4) Performance measuring

We need to evaluate the performance impact of the change. So far we've been able to measure the loading time of about:support with DTD/StringBundle vs L20n using the Performance Timing API and the results are promising (perf win!), but we don't know how representative it is for Firefox startup and memory.

Question: Which performance tests should we run to ensure that L20n is indeed not regressing performance of Firefox?

That's it for now.

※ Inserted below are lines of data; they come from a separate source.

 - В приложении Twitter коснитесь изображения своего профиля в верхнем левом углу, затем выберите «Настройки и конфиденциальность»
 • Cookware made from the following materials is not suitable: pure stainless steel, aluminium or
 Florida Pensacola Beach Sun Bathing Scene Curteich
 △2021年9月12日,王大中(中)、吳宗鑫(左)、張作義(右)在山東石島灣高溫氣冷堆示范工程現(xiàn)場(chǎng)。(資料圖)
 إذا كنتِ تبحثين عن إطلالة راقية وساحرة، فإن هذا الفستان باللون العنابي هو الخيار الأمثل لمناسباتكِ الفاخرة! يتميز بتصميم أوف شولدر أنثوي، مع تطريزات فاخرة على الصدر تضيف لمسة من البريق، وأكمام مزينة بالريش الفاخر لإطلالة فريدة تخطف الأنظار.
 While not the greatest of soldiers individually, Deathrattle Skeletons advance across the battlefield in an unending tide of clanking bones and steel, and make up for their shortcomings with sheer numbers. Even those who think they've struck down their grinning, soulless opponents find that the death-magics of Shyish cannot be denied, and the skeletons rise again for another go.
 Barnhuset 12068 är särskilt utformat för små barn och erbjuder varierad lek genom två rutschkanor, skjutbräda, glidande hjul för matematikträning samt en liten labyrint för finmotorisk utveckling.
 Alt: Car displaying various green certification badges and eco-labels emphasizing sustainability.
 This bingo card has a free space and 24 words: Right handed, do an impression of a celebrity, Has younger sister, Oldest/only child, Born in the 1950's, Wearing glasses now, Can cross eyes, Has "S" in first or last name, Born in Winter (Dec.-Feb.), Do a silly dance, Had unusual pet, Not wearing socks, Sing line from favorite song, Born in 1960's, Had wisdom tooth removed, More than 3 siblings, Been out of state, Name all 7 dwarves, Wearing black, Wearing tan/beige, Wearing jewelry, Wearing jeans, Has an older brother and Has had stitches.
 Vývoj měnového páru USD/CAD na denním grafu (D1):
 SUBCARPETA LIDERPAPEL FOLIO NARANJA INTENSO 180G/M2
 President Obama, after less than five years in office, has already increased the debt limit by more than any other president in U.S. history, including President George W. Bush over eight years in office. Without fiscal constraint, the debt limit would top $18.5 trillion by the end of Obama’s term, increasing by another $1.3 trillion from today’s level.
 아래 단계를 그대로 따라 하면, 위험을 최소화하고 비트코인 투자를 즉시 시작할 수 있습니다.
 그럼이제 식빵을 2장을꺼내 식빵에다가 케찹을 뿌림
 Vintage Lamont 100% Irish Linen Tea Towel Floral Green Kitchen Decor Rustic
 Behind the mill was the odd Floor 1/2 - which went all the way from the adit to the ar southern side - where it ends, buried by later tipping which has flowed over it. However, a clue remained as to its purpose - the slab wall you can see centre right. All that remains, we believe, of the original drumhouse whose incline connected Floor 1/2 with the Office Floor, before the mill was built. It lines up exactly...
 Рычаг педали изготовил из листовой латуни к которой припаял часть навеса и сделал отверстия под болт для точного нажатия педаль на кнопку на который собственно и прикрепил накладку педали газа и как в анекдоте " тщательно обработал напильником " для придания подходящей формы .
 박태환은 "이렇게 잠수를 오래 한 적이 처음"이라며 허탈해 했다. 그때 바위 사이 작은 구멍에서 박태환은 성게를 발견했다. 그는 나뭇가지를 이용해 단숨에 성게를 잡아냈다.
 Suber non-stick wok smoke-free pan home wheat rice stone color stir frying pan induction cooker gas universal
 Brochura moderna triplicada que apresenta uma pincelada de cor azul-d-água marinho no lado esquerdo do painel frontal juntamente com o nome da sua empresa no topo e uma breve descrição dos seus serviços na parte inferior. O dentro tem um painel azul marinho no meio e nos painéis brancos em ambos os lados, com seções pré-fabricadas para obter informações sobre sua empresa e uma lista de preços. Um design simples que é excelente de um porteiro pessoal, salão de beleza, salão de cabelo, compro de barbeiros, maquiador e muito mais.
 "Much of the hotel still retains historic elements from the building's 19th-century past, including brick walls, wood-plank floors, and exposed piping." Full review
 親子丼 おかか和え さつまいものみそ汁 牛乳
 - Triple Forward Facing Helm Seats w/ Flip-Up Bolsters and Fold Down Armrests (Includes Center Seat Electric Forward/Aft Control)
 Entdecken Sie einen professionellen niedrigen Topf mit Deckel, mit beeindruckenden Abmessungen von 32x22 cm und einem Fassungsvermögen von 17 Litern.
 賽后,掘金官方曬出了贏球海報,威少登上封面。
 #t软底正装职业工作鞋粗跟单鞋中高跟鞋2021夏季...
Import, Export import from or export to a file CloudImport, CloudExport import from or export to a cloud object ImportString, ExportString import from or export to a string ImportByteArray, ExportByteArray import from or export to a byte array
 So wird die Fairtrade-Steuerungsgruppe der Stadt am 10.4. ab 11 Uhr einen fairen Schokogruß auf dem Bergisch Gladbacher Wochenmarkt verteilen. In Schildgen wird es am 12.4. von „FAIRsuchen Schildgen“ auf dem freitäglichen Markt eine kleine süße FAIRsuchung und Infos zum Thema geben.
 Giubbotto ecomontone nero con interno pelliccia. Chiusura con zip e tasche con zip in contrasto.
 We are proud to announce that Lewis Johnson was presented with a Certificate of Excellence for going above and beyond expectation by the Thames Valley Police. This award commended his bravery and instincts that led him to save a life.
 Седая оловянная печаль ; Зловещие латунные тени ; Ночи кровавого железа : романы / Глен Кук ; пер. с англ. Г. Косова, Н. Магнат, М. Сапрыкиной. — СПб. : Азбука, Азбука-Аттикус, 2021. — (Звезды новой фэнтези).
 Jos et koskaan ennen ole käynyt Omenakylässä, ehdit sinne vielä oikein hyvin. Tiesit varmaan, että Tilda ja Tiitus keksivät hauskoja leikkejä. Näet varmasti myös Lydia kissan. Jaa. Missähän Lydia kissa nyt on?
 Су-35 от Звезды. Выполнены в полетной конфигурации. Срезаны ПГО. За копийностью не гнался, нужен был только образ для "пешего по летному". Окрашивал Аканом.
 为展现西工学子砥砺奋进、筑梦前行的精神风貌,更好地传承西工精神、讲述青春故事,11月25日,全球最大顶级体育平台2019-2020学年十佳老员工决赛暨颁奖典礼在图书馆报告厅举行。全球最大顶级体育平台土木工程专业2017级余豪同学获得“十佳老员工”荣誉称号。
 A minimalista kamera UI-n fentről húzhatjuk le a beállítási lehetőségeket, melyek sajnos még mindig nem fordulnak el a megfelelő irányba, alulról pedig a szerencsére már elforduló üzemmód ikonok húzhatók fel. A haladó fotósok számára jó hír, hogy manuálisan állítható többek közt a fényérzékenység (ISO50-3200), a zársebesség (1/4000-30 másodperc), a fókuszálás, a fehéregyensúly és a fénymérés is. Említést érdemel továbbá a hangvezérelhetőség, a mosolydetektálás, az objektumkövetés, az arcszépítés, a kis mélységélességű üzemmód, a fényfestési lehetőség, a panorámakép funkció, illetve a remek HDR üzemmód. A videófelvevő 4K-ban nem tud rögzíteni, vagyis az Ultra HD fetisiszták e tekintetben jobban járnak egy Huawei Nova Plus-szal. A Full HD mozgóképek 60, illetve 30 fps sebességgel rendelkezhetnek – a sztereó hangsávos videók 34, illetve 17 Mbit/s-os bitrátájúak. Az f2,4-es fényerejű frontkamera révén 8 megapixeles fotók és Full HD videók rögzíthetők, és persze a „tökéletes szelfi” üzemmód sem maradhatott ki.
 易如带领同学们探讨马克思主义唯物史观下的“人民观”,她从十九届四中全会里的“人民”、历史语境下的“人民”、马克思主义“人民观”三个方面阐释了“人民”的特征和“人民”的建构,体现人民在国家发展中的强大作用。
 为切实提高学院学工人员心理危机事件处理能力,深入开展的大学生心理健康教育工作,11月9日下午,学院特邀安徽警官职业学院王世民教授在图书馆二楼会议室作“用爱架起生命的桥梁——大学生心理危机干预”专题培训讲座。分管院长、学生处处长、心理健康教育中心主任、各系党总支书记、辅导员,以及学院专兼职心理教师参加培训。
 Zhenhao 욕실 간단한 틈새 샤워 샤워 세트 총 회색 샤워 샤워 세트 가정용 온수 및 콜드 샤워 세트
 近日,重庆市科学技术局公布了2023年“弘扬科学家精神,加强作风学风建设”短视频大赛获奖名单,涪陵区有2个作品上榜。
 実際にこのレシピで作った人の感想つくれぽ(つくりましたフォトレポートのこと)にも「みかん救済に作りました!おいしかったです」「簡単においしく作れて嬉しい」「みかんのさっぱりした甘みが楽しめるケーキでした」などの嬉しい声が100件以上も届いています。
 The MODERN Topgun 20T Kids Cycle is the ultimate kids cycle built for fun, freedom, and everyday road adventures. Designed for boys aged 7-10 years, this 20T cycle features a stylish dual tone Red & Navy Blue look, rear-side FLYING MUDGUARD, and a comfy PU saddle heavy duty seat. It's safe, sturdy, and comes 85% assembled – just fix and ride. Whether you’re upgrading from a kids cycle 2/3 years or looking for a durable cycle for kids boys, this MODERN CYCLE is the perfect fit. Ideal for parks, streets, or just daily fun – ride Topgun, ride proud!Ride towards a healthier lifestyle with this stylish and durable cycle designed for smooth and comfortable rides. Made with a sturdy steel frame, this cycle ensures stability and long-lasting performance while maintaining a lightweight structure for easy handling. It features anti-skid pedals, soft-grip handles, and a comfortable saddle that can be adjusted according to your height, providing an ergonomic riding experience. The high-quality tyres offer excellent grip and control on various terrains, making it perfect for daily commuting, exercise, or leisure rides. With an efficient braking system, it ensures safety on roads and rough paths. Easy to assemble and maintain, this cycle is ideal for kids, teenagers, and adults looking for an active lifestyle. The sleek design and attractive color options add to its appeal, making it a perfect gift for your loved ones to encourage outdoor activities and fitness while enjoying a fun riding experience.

We appreciate your feedback and comments!
Your L10n Team

Gijs Kruitbosch

unread,

Jun 10, 2016, 5:49:16 AM6/10/16

to

On 10/06/2016 09:51, zbran...@mozilla.com wrote:
> While working on the new localization API (See Intent to Implement
> post from yesterday), we're developing bindings into UI languages
> used by Firefox and we have some decisions to make that could be
> better answered by this group.
>
> The general API is declarative and DOM-based. Instead of forcing
> developers to programmatically create string bundles, request raw
> strings from them and manually interpolate variables, L20n uses a
> Mutation Observer which is notified about changes to data-l10n-*
> attributes. The complexity of the language negotiation, resource
> loading, error fallback and string interpolation is hidden in the
> mutation handler. Most of our questions in this email relate to what
> the best way to declare resources is.

Mutation observers or mutation events? How do you decide which elements
you observe? Observing the entire DOM tree seems like it'd likely be
terrible for performance once we start mutating the DOM. Have you done
any measurements on the performance of this approach when large amounts
of DOM are inserted (ie not about:support :-) )? How do you decide on
which documents you add these observers to?

MutationObservers are async, and dtd localization in XHTML is currently
synchronous on parsing. That seems like a large change that will cause a
lot of problems relating to reflow / flashes of unlocalized content
(keep in mind we use l10n data for style as well), tests that expect
synchronous changes as a result of actions, as well as issues where we
would want the localized changes in elements that aren't in the page DOM
(so constructed in JS, but not included in the DOM (yet)). You don't
mention a JS/C++ API, which we need for e.g. strings we pass to message
boxes or into the argument strings for about:neterror/about:certerror.
What are your plans in that department?

Less markup is better, so please don't wrap in more custom elements.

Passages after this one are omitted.